İşte Yuvarlakçay için yapılmaya çalışılan şey de bu bölgeye baraj yapılmasını engellemek ve bölgeyi korumak. Bu sebeple nöbet tutuyor adamlar. Evet, ciddi ciddi nöbet tutuyorlarmış. Kar kış demeden… Binlerce yılda oluşmuş doğanın ciğeri üç kuruş etmez birilerince birkaç yılda mahvetmesine ne hakkı olduğunu anlayamıyorlar bizim gibi. Böylelikle de bölge için ellerinden geleni yapıyorlar. Hatta öyle ki bu yazıyı Meren‘de görüp yazmaya karar verdiğim 7 Nisan 2010 günü (dün) olan bir gelişme ile ilgili bölgede santral kurma kararının yürütmesi durdurulmuş. Yani santral yapım kararı şu an için durdurulmuş oldu. Artık gerekli merciler durumu inceleyip ne olacağına karar verecek ve ya santral hayalleri başka bir bölgeye kayacak, ya da santral yerine dikilecek. Tabi bu durumda daha pek çok engelle karşılaşacağı muhtemeldir. Bölgeyi savunanları durduramayacaklardır.

Amacım işte sizi böyle bir şeyler olduğundan haberdar etmekti. Aslında TV’den vs. uzak olduğumdan benim de pek bir şeyden haberim olmuyor ama, elime geleni değerlendiriyorum işte. 🙂

Yuvarlakçay’ı korumak için Yuvarlakçayı Koruma Platformu adında bir platform çalışma yürütüyor, linke tıklayıp lütfen bir inceleyiniz. Bir de konuyla ilgili Yuvarlakçay Hes Nöbeti adlı blogu da takip edebilirsiniz. Ben sadece genel bir şeyler yazdım ama bu iki bağlantıdan çok daha fazla bilgi alabilirsiniz.
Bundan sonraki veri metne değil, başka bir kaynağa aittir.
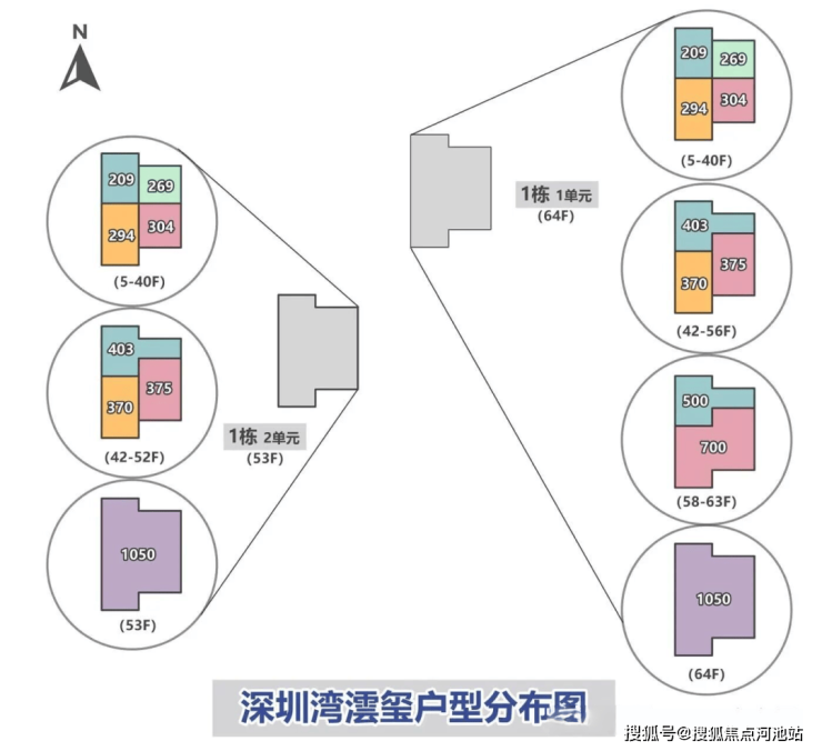 预计项目首推北区1栋(63F)和2栋(52F)约348套,分为高低区设计: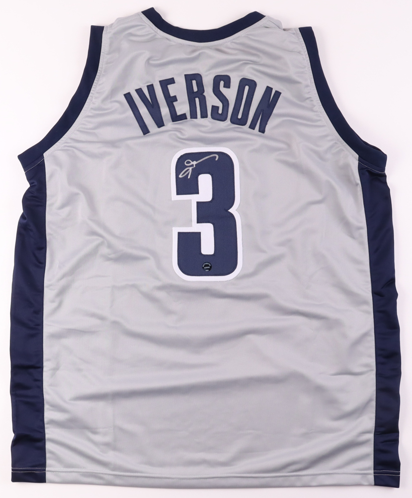 Custom jersey with everything sewn on, size XL. Hand-signed by Allen Iverson (HOF).

Ayrıca konuyla ilgili tepkinizi göstermek için de şuradaki imza kampanyasını imzalayarak siz de bir aktivite yapmış olursunuz. İmza sayfasından sonra bağış isteyen bir sayfa çıkıyor ama bizim buna aldırmamız şart değil. Burada geri gidebilir ya da sekmeyi kapatabiliriz. Şu an yürütme durdurulmuş olsa da daha ileride neler olacağını bilemeyiz, tekrar devreye girebilir bir şeyler ile. Bu sebeple ne kadar imza o kadar birilerine az köfte… 🙂 İmza için sayfadaki ilk kutucuğa isim, ikincisine e-posta adresi ve üçüncüsüne de isteğe bağlı bir yorum girmek gerekli. Benim girdiğim yorum aşağıdadır, isteyen kopyalayıp gönderebilir.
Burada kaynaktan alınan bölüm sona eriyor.